■ WORK REQUEST
Every line from the line containing "Made of felted" through the end of the data is to be reproduced exactly, excluding pictures.

■ SOURCE DATA
-------------------------

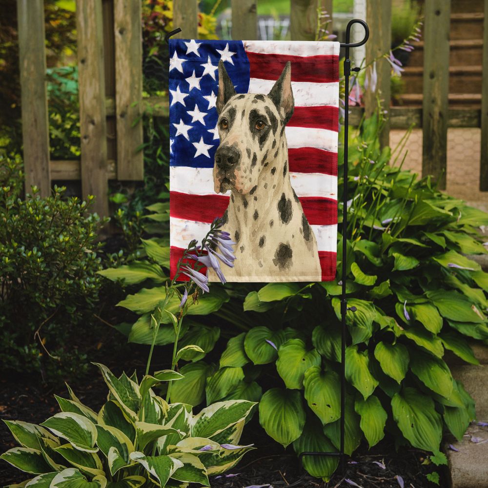 Garden Flag featuring breed specific Great Dane artwork. Enhance the beauty of your garden, patio, or yard with Caroline's Treasures Decorative Garden Flag, proudly made in the USA. Crafted from two pieces of thick, double-sided polyester fabric, this 2-ply garden flag is designed to withstand various weather conditions, making it water-resistant and weatherproof. Featuring correctly readable words on both sides, this garden flag offers a delightful visual experience from any angle. With its heavier weight, it stands out among other garden flags, ensuring stability and durability even in wind, rain, and snow. Measuring approximately 11 1/4 inches by 15 1/2 inches, this flag allows you to personalize your outdoor decor. It comes with a 1 1/2-inch sleeve sewn in, allowing easy attachment to any standard garden flag stand or garden size porch hanger (sold separately). Make a statement in your outdoor space with Caroline's Treasures Decorative Garden Flag, a vibrant and high-quality flag that adds color and personality to your surroundings. Proudly made in the USA, it's a symbol of quality craftsmanship and attention to detail.
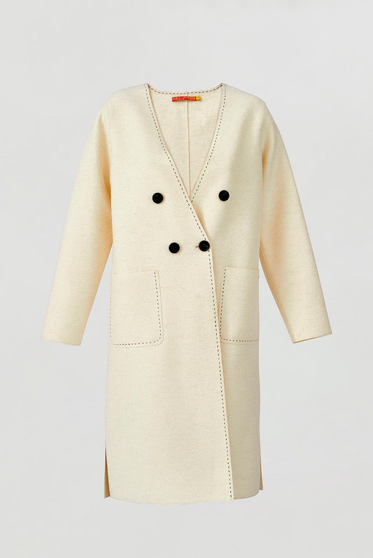 Made of felted fabric, our Vegas coat is embellished with knitted details on the neck...
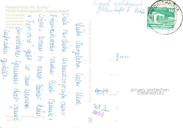 73685005 alte Postkarte Friedrichroda FDGB Erholungsheim August Bebel Empfangshalle Cafe Fernsehraum Kegelbahn postalisch gelaufen Erhaltung siehe scans [FriedD77] KatCode: 11110016067019
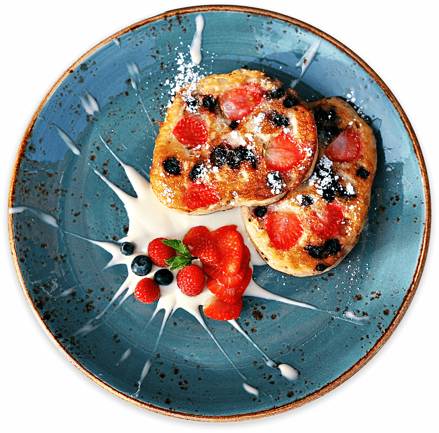 Tower of four pancakes, fresh fruit Fiordilatte ice cream and strawberry coulis.

-------------------------

■ EXERCISE OUTPUT
 Made of felted fabric, our Vegas coat is embellished with knitted details on the neck...
 73685005 alte Postkarte Friedrichroda FDGB Erholungsheim August Bebel Empfangshalle Cafe Fernsehraum Kegelbahn postalisch gelaufen Erhaltung siehe scans [FriedD77] KatCode: 11110016067019
 Tower of four pancakes, fresh fruit Fiordilatte ice cream and strawberry coulis.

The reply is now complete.